**WHAT YOU WILL DO:**
The expected answer is the full listing, repeated exactly and free of images.

**DATA SHOWN:**
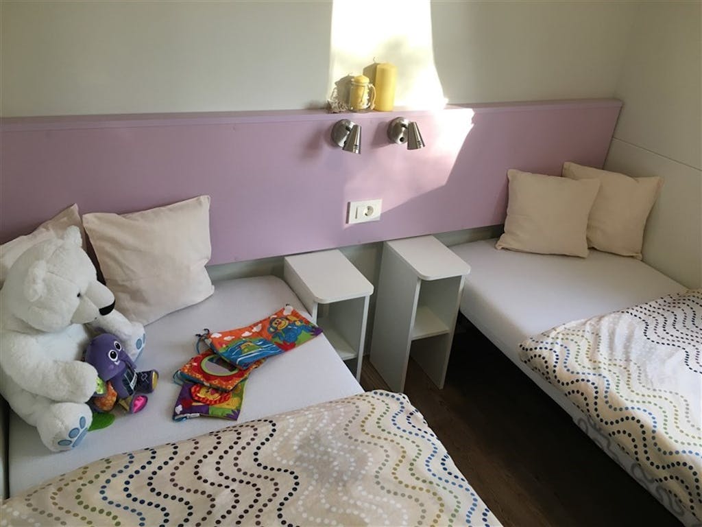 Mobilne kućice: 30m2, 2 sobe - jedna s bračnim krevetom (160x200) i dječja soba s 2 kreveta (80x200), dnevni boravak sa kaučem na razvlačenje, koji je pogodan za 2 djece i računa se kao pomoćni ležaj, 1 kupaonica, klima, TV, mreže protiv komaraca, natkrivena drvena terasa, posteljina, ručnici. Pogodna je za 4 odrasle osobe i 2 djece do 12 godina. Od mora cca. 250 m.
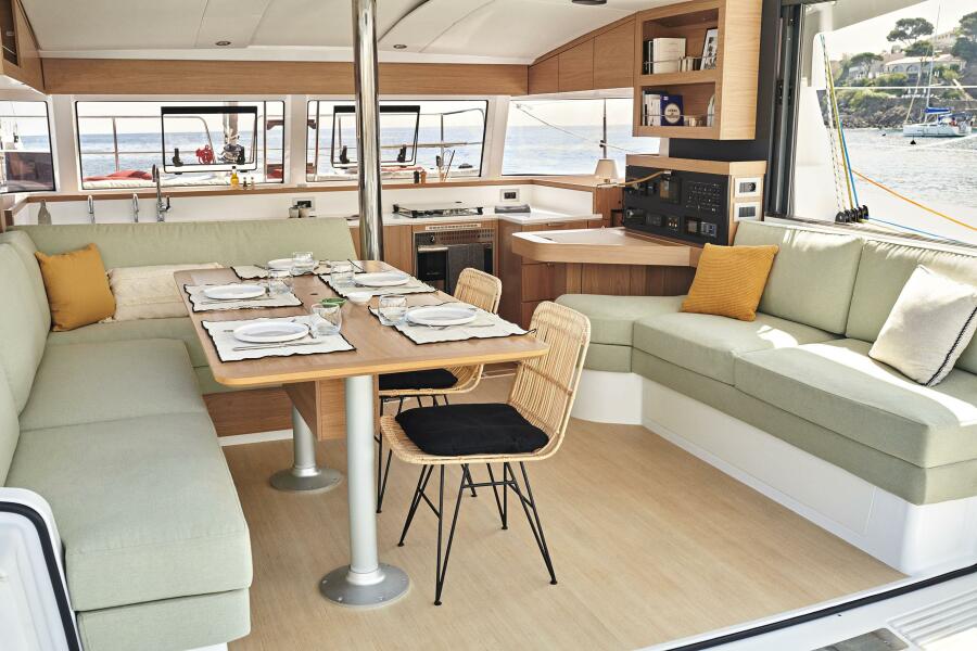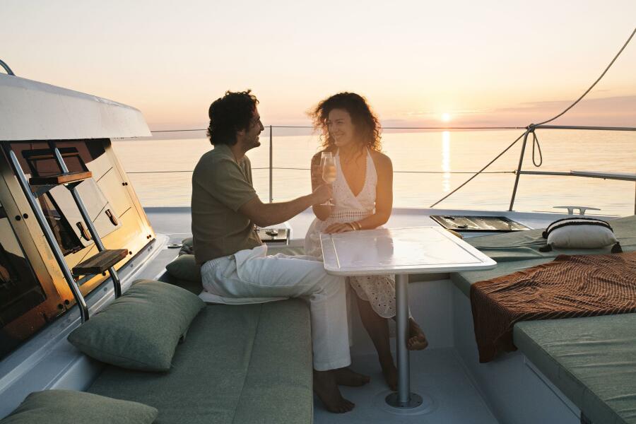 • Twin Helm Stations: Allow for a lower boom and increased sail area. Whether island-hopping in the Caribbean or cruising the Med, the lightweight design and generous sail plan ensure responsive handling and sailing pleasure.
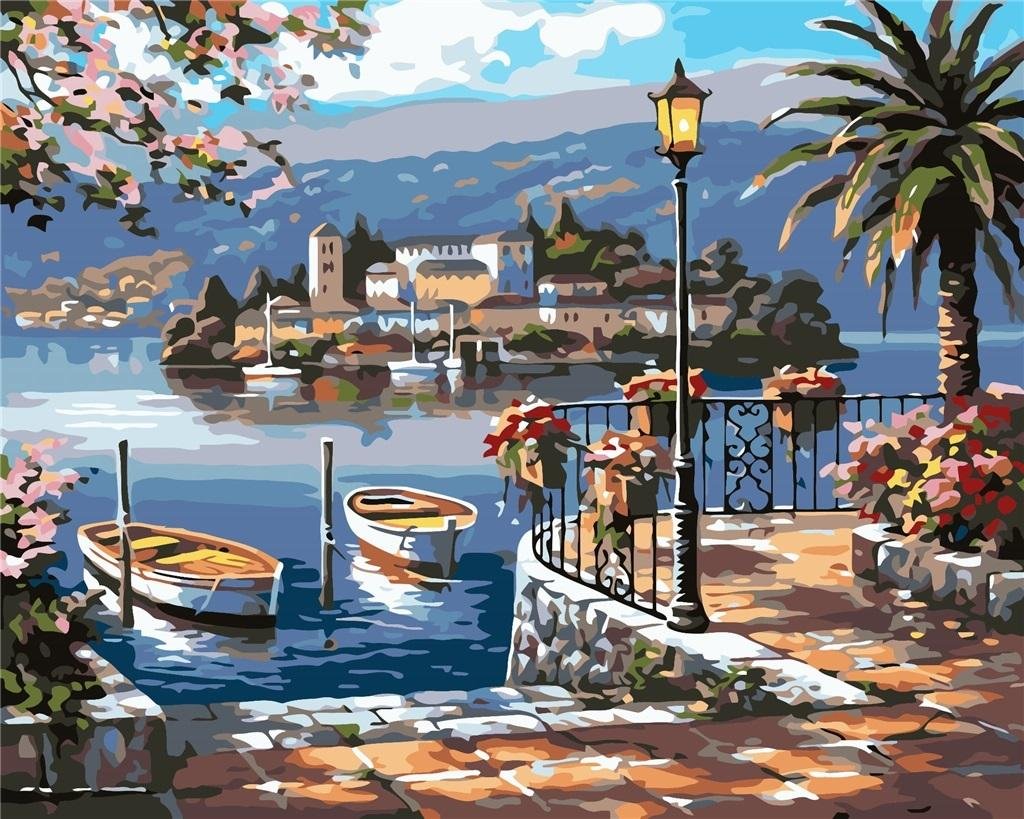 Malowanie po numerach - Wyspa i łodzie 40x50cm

**OUTPUT OF THE TASK:**
 Mobilne kućice: 30m2, 2 sobe - jedna s bračnim krevetom (160x200) i dječja soba s 2 kreveta (80x200), dnevni boravak sa kaučem na razvlačenje, koji je pogodan za 2 djece i računa se kao pomoćni ležaj, 1 kupaonica, klima, TV, mreže protiv komaraca, natkrivena drvena terasa, posteljina, ručnici. Pogodna je za 4 odrasle osobe i 2 djece do 12 godina. Od mora cca. 250 m.
 • Twin Helm Stations: Allow for a lower boom and increased sail area. Whether island-hopping in the Caribbean or cruising the Med, the lightweight design and generous sail plan ensure responsive handling and sailing pleasure.
 Malowanie po numerach - Wyspa i łodzie 40x50cm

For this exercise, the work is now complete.